§ **Your objective**: Among the entries below, please repeat exactly and only the lines from the line containing "The binding modes" to the line containing "Nerdy stepsis exposes", both lines included.

§ **Provided data**:

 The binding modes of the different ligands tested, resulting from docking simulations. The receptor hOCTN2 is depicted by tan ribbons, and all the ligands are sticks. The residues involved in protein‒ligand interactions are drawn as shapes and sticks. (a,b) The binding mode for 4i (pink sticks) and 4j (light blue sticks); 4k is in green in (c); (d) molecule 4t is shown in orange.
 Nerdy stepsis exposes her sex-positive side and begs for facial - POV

--

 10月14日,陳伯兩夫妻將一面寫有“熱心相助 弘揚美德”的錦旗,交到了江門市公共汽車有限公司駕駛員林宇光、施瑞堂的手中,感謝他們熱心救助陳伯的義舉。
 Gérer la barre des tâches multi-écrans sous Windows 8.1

...

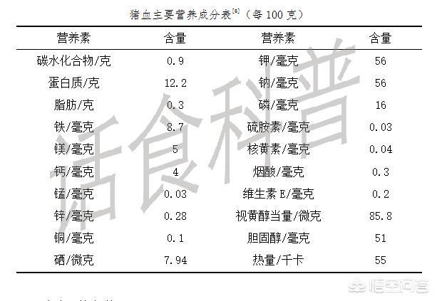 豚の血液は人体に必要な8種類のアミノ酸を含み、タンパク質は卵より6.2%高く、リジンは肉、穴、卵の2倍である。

§ **Task answer**:
 The binding modes of the different ligands tested, resulting from docking simulations. The receptor hOCTN2 is depicted by tan ribbons, and all the ligands are sticks. The residues involved in protein‒ligand interactions are drawn as shapes and sticks. (a,b) The binding mode for 4i (pink sticks) and 4j (light blue sticks); 4k is in green in (c); (d) molecule 4t is shown in orange.
 Nerdy stepsis exposes her sex-positive side and begs for facial - POV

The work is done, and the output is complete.